Or as the primary teachers call it, three stars and a wish. This is how you critique your fellow students work. Find three things they do very well, and one wish on how they could have improved it. Gets amazing results,and steady improvement, and no one is traumatized. Both parties get to reflect on what works, and what doesn’t. But where is the fun in that for the know it all education reformers who believe in stack rankings,and black and white “meets standards” rubrics?
To employees,
You guys are so awesome at the way you work hard to promote stack ranking, union busting, and insulting and demoralizing teachers!!! Way to go! What a work ethic! No negativity here!
Sincerely,
Boston Consulting
Is this a joke? My employer fired 7 ladies last year, with a stack ranking formula, taking cues from corporate practices, and the stack ranking was a joke. Thereafter, 4 more, and just last week fired 3 more so the partners could “show more profit” on the balance sheet – well it won’t be “profit” so much as cutting “expenses” (jobs) so each equity partner can get a couple more thousand dollars at fiscal year end while they continue to tell us leftovers how lucky we are to even HAVE jobs, and how generous they are to the underlings while they cut our salaries (via lower raises), cut bonuses (tied to lower raises) and require higher contributions to health care. Its hard to believe the BS when your bonus is $1,200 and theirs is $700,000. At review, the conversation is barely existent except to tell you your raw “score,” what your raise is, and whether or not you’ll receive that $1,200 bonus or not. No feedback. No “you done good.” Only—be happy you’re still employed, and watch your butt in the future since they are not done using the axe.

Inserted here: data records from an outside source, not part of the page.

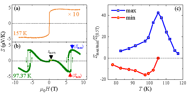 铽铁石榴石(Tb3Fe5O12, TbIG)作为一种比较特殊的稀土石榴石,其Tb亚晶格的磁矩会随着温度的降低从共线排列逐渐转变为非共线的锥形排列。在低温下,Tb与Fe亚晶格的磁矩在整体上形成了双伞态(double-umbrella)磁结构(如图1), 因而是研究磁振子激发及其与声子耦合的理想平台。本工作生长了TbIG/Pt异质结,研究了非共线-双伞态磁结构对SSE的调控作用。实验结果表明,当在TbIG [100]方向扫描磁场时,双伞态磁结构在低场下得以维持,SSE呈现低电压状态;随着磁场增大,SSE发生变号且信号显著增强,并在一个临界场突然翻转,表明磁结构存在突变。临界场附近的SSE系数相对于低场的值可增强40倍以上(如图2),远超之前在磁性材料体系中报道的数值。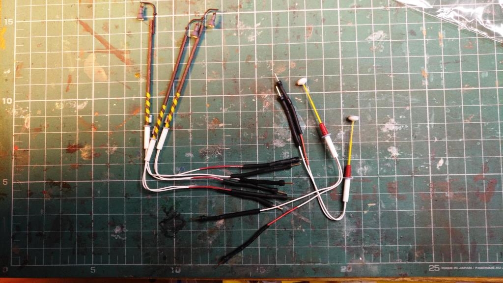 Za víkend jsem se aspoň dokopal k přípravě lamp. Po všech variantách zapojení a montáže jsem zůstal u připojení pomocí pinů ze zlacené kolíkové lišty. Do jednoho přívodu jsem připájel odpor, do druhého diodu. Přes to teplem smrštitelnou bužírku a hotovo. Pro lampy vrtám díru 3,5mm, kterou se dají jednotlivě piny protáhnout. Vůli pak vymezím namotáním kousku lepící pásky na spodní (bílou) část lampy. Protikus jsou zásuvky NS25, které přilepím do vhodného místa vespod desky poblíž lampy. Výhodou je snadná montáž, lampy lze celkem jednoduše demontovat. Naopak lze polaritu splést, nicméně díky diodě se nic nestane, jen holt lampa nesvítí...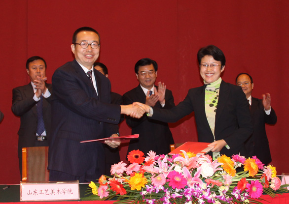 10月24日上午,永利官网与潍坊市政府签署合作协议仪式在潍坊市富华国际会议中心多功能厅举行。永利官网党委书记于茂阳,山东省文联主席、院长潘鲁生,党委副书记、纪委书记裴新锋,副院长刁在祥、苗登宇,院长助理、办公室主任王立果出席仪式。潍坊市出席仪式的领导有市委副书记、市长许立全,市委常委、宣传部长刘明珂,市人大常委会副主任杨继生,副市长王桂英,市政协副主席杜国忠等。签署仪式由潍坊市市委常委、宣传部长刘明珂主持。 潍坊市市委副书记、市长许立全致辞。许立全市长首先对永利官网领导的到来表示欢迎,并介绍了潍坊市地区发展的优势和特色以及近年来经济和社会发展总体情况。他指出,潍坊市文化资源丰富,近年来围绕打造文化强市,积极实施文化惠民工程,切实加强公共文化基础设施建设,大力健全公共文化服务体系,不断深化文化体制改革,文化事业和文化产业日趋繁荣活跃,文化改革走在了全国前列,被评为全国文化体制改革先进地区。文化产业,特别是工艺美术业也获得了快速发展。304am永利集团官网是省内最具权威的艺术院校之一,也是我省文化产业发展的重要策源地。近年来,凭借先进的办学理念和雄厚的师资力量,学院在文化产业创意研究、产学研结合等方面,取得了丰硕成果,积累了丰富经验。潍坊市政府与304am永利集团官网签署战略合作协议,加强互惠合作,推动共荣发展,意义十分重大。希望双方依托各自资源优势,拓宽渠道,加强沟通,密切配合,积极搭建交流平台,在课题研究、项目研发、人才培养、成果共享等方面开展多领域合作,共促发展,互利共赢。在今后的合作中,潍坊将会为304am永利集团官网教学实习、学生实践、教师科研等提供更好的条件和各种便利,也希望学院在文化发展、城市规划等方面给予潍坊更大支持和帮助。 永利官网党委书记于茂阳致辞。他指出,永利官网与潍坊市政府合作签约仪式,标志着双方合作伙伴关系全面建立,为进一步整合资源,发展文化产业,推进文化建设,奠定了坚实基础。长期以来,潍坊市与永利官网在城市创意产业发展及农村文化产业调研方面,建立了良好的合作关系,结成了深厚友谊。此次合作协议的签订,是对以往合作关系的全面提升与深化,更是对未来合作前景的展望和开拓。永利官网是目前全国唯一一所独立建制的工艺美术学院,各专业方向与文化创意产业全面对接,在建设与发展中,形成了优秀的科研与创作团队。近年来,学校成功开展了“第29届北京奥运会”官方海报设计、“第11届全运会”会徽、奖牌等视觉形象设计、“2010年上海世博会”山东馆设计等一系列重大服务项目,参与举办了“第七届中国体育美术作品展”、“齐鲁国际摄影周”等重大文化活动。学校与济南市政府、淄博市政府、滨州市政府、济宁市政府、莱芜市政府、菏泽市政府、山东省经济贸易委员会、孔子基金会以及山东电视台、浪潮集团等签署了合作协议,在发挥专业优势,服务经济文化建设方面,积累了一定的经验。此次与潍坊市签订合作协议,对于学校进一步拓展教学空间,加强人才培养,提升科研与创作实力,服务经济文化建设,具有重要意义。相信双方的合作,有助于推动文化创意产业发展,推进设计项目合作,促进设计人才培养,有助于实现教育、文化、经济的和谐互补、繁荣发展。相信我们的合作,将对服务我省经济文化强省建设,发挥积极的作用。 院长潘鲁生,潍坊市副市长王桂英分别代表永利官网与潍坊市政府签署了合作协议。 潍坊市政府还聘请潘鲁生院长为潍坊市人民政府城市艺术顾问,许立全市长向潘鲁生院长颁发了聘书。 许立全市长、于茂阳书记分别代表双方互赠纪念品。 此次签约,是继永利官网与济南市政府、淄博市政府、莱芜市政府、菏泽市政府、滨州市政府、济宁市政府签署合作协议之后的又一重大举措,标志着永利官网社会影响力以及服务社会经济文化建设能力的进一步提升。协议签订后,双方将在建立相关领域的研发机构,工艺美术产品的设计开发、城市建设项目的可行性研究及工程设计、会展设计与企业形象、品牌战略设计以及人才培训、咨询服务等方面展开深入合作。永利官网以自身专业和人才优势服务于潍坊建设经济文化强市的战略目标,发掘潍坊深厚的文化资源,打造“世界风筝之都、中国文化名市”品牌,促进文化和经济社会的快速协调发展。潍坊市积极联系与学校专业相关的当地重要企事业单位,为304am永利集团官网提供教学实习基地;联系当地工艺美术大师、相关专业的研究设计人员等专业人士,为304am永利集团官网提供校外师资力量。双方还将共同开展相关专业领域的项目研究。 永利官网教务处处长董占军,科研处处长胡希佳,科研处副处长孙磊,人文艺术学院院长、中国民间艺术研究所所长赵屹,办公室秘书科科长王任,永利官网潍坊市校友代表以及潍坊市宣传文化系统主要负责人、市文化建设领导小组成员单位主要负责人、市文化广电新闻出版局领导、各县市区委宣传部分管部长、市属各开发区党工委宣传部分管部长等参加合作协议签署仪式。

In sluggish economic times, the first to go are the most competent because that is a way that the ones immediately above them protect themselves (so, ironically, it is actually a badge of honor to be fired)
Also, in an environment of “control fraud” (see William Black) the ethical folks are the very first to go.
So in many cases (particularly on Wall Street) what you end up with is a combination of the most incompetent and most unethical.
And this is what is known as the “Ameritocracy”.
Therlo & SomeDAM Poet: exactly!
No need to guess what the self-selected “we don’t need to be stack ranked” owners and leaders say when things go belly up.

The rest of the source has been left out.